Himalaya

    En la cordillera del Himalaya se alzan las mayores alturas de la Tierra

    Del sánscrito hima alaya, “morada de las nieves”, los peregrinos montañeros de la antigua India atribuyeron este nombre al impresionante sistema montañoso que alberga las cumbres más elevadas del planeta. Explorar y llegar a culminar esas cimas ha supuesto todo un desafío para numerosos alpinistas en los últimos siglos, en un empeño por superar los ingentes obstáculos de un entorno tan inhóspito que produce, sin embargo, una gran fascinación.
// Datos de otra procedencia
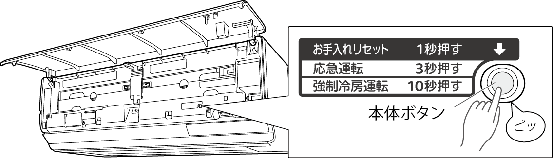 - 本体ボタンをそのまま押し続けると、応急運転・強制冷房運転になるのでご注意ください。

    El Himalaya está localizado en Asia central y se expande por Pakistán, la región de Cachemira, la India, el Tíbet (China), Nepal y Bután, y enlaza por el noroeste con las montañas del Hindu Kush y el Karakorum. En total cubre una extensión de 594.400 kilómetros cuadrados y cuenta con una longitud aproximada de 2.500 kilómetros y una amplitud que oscila entre los 200 y los 400 kilómetros de norte a sur. Más de una treintena de sus macizos sobrepasan los 7.300 metros de altitud y catorce de ellos los 8.000, siendo el más emblemático el Everest que, con sus 8.850 metros, es el lugar más elevado del mundo. Junto a éste, destacan el Annapurna, Manaslu, Cho Oyu, Dhaulagiri, Gyachung Kang, Lhotse, Makalu y Kanchenjunga, todos ellos en Nepal, además del Godwing Austen o K2. La cordillera del Himalaya separa la gran meseta del Tíbet, situada al norte, del subcontinente indio, al sur, y presenta una estructura curvada de noroeste a sudeste. Está constituida por una serie de cadenas diferenciadas por su desigual configuración y desarrollo. En la parte septentrional se extiende el Transhimalaya rodeando la altiplanicie tibetana, el gran Himalaya conforma la base central del sistema montañoso y comprende las mayores alturas y el Himalaya menor se erige en la zona meridional del gran Himalaya. La gestación de este conjunto montañoso se inició hace 38 millones de años, en la era terciaria, durante el periodo del Eoceno, y fue en la era del Pleistoceno, alrededor de unos 600.000 años atrás, cuando las cumbres del Himalaya se consolidaron como las más altas de la Tierra. Su crecimiento no se ha detenido desde entonces debido a la continua actividad sísmica en la corteza terrestre.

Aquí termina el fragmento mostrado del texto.